A lung simulator was employed, and the human study involved six healthy subjects. We evaluated a continuous high-flow (CPAPHF), low flow (CPAPLF), ventilator (CPAPVENT) CPAP, and pressure support ventilation (PSV 10 and 20 cmH2O). In the human study we used CPAPHF, CPAPVENT, and PSV 5 cmH2O. PEEP was 5 cmH2O.
In the bench study during CPAP we measured the negative airway pressure time product (areaCPAP), i.e., the area of airway pressure (Paw) under PEEP and during PSV the pressure airway time product (areaPSV), i.e., the area of Paw from onset to end of inspiratory flow. In the human study we measured the breathing pattern and work of breathing (WOB).

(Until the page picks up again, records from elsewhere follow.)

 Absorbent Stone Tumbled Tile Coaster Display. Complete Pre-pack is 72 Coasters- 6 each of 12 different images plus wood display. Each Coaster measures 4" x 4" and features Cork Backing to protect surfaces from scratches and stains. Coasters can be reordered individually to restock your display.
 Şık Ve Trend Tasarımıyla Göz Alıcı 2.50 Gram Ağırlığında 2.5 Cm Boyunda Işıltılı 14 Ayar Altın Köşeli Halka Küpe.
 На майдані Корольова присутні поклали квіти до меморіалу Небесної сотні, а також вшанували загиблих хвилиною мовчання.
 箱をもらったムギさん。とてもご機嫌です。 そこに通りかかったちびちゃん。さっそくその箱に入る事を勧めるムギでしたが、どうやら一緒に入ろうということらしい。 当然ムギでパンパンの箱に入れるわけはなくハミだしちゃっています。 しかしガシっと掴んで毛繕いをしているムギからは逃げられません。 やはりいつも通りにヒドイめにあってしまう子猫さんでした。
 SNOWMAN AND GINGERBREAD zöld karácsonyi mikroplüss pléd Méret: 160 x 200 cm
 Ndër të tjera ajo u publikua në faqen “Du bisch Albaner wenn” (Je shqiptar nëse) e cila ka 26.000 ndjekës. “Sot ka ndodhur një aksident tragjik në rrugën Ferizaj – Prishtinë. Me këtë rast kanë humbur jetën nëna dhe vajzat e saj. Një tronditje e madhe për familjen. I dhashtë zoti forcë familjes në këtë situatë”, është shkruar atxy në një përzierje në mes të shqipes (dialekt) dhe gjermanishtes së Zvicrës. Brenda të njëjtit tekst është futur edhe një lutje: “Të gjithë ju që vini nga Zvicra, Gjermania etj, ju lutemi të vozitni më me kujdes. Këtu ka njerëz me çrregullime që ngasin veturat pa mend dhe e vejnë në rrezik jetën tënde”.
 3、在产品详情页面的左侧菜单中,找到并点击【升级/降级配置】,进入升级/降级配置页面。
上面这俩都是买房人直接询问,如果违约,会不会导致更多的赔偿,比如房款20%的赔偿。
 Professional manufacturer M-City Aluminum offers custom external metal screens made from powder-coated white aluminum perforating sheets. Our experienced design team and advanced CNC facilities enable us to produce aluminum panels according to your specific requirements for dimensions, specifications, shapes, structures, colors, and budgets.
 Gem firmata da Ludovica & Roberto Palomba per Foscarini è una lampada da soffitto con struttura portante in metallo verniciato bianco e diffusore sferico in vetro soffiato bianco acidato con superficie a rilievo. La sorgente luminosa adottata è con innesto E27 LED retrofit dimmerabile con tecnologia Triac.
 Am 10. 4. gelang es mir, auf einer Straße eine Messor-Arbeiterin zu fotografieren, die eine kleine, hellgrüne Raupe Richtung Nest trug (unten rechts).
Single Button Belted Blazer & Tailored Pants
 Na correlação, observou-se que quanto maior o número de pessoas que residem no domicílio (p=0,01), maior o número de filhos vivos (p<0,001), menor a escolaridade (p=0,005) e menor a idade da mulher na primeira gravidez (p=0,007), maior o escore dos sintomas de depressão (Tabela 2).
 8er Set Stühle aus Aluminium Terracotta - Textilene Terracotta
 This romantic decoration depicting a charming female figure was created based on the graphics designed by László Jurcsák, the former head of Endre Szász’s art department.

In the bench study during CPAPLF the helmets had a lower areaCPAP than the FM, while during CPAPHF the three interfaces had similar areaCPAP. Using CPAPVENT and PSV the FM reduced areaCPAP and increased areaPSV compared to helmets. At 20 cmH2O of PSV using helmets areaPSV was similar to that obtained at 10 cmH2O of PSV using the FM. In human study using CPAPHF and CPAPVENT the tree interfaces had similar effects on breathing pattern and WOB, while using PSV the FM reduced WOB more than helmets.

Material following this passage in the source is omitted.